Collaboration as a turning point
Through a partnership between Toyota South Africa Motors, eThekwini Municipality, AECOM, Atana and the Dutch Disaster Risk Reduction (DRR) programme, Prospecton became a test bed for a new approach: treating flood studies not as compliance documents, but as living tools for decision-making.
Instead of stopping at “where the water goes”, the project looked at “what happens when it gets there”. Using advanced modelling, the teams simulated rainfall and river breaches across multiple scenarios. Then they linked those physical models to an economic flood risk assessment, quantifying potential losses for each land use, from factories and warehouses to residential and public spaces.

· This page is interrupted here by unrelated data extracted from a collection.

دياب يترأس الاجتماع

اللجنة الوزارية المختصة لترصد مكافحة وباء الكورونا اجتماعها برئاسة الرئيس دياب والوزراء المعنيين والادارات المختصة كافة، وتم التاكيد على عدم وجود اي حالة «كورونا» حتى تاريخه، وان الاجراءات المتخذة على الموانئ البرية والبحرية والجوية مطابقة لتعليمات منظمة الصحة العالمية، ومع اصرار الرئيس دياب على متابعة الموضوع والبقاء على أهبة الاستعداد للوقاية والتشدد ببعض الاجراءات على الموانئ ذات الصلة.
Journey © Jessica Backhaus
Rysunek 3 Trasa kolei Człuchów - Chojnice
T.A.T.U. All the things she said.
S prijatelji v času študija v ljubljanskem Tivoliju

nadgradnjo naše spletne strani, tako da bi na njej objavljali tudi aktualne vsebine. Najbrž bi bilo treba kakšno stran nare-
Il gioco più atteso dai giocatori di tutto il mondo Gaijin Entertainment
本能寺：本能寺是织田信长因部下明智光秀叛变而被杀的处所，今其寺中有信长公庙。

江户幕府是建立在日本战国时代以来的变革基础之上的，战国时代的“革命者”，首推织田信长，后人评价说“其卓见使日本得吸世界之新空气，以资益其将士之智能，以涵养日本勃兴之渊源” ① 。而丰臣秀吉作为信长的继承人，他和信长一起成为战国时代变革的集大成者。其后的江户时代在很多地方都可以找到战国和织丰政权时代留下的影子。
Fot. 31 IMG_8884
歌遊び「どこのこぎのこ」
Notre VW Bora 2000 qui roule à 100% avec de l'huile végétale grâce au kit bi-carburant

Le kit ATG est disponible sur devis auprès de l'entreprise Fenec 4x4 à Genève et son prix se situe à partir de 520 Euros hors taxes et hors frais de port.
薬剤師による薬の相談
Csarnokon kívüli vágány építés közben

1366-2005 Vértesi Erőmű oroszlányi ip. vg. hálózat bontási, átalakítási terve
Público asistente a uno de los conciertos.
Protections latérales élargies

The result is a clearer view of risk, not only in cubic metres of water, but in billions of rands in potential damage costs. The 2022 flood alone was estimated to have caused more than $4 billion in losses, most of it due to business disruptions in industrial zones.
Translating loss into learning
Once the financial picture was clear, it became possible to test the impact of different mitigation strategies. This included everything from canal upgrades and new outfalls to berm reinforcement and scour protection.
By comparing how each intervention reduced damages across multiple flood scenarios, planners could prioritise the measures that offered the greatest long-term value.
This is what sustainable flood management looks like: using data and collaboration to guide decisions that protect communities and critical systems.
Not just “a line on a plan”
Atana’s role in this partnership was to help move the conversation toward adaptive risk management. A flood study should evolve as the landscape, climate and infrastructure change. It should inform emergency response plans, influence spatial development and help communities prepare.
And if there’s one lesson Prospecton has taught us, it’s that resilience grows when we connect the dots between science and economics, policy and practice, and partners working toward the shared goal of keeping people safe and cities moving.